▶ [TASK TO CARRY OUT] Find the line with "近隣道路のゴミの片づけ、雑草の処理をしました。" in the records below. Output exactly from there until after the line with "The lyrical part, devoted", without pictures.

▶ [DATA EXCERPTS]
——————————

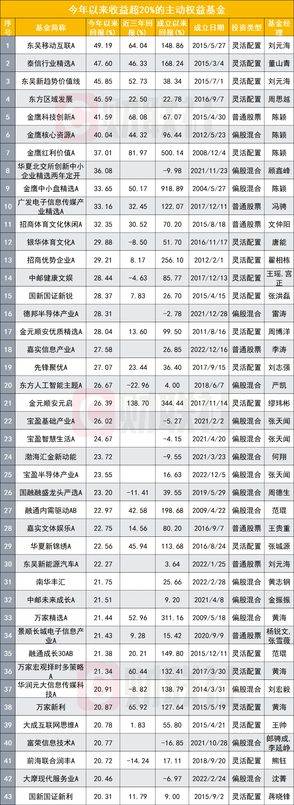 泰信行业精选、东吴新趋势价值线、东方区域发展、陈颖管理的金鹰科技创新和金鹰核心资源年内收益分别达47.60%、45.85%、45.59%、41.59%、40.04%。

——————————

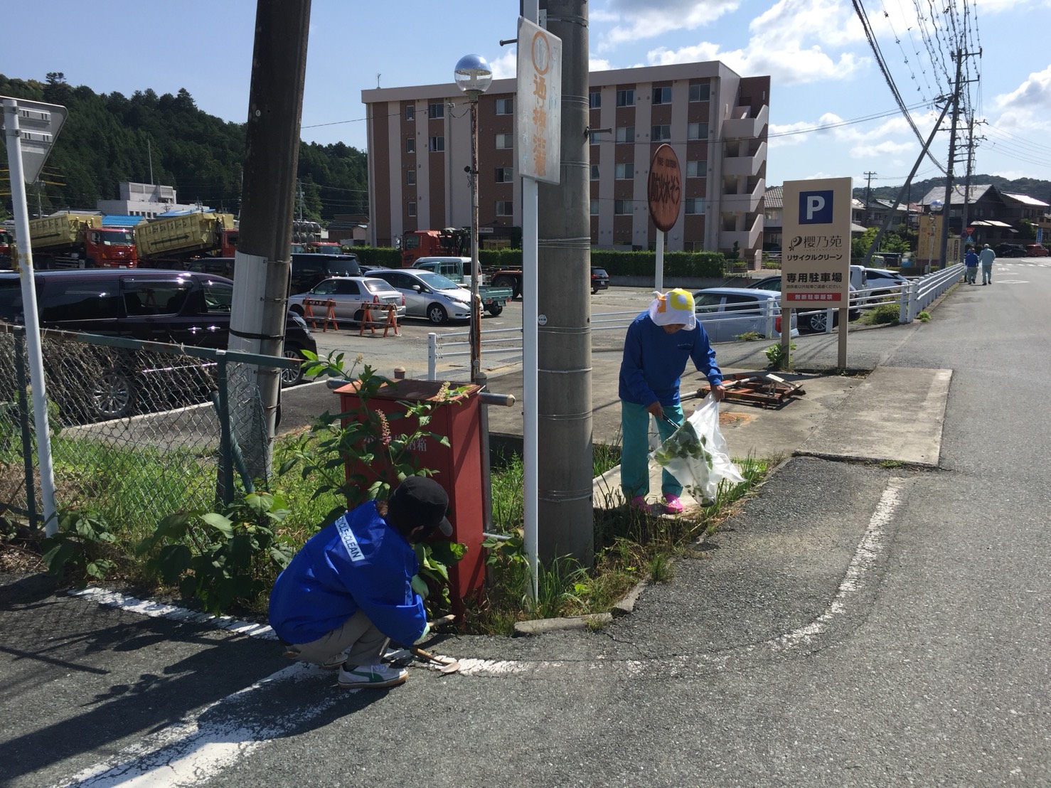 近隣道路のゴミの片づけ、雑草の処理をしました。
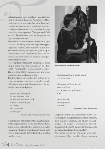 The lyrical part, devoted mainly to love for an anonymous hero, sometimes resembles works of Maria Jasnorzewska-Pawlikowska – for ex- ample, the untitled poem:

——————————

▶ [TASK OUTPUT]
 近隣道路のゴミの片づけ、雑草の処理をしました。
 The lyrical part, devoted mainly to love for an anonymous hero, sometimes resembles works of Maria Jasnorzewska-Pawlikowska – for ex- ample, the untitled poem:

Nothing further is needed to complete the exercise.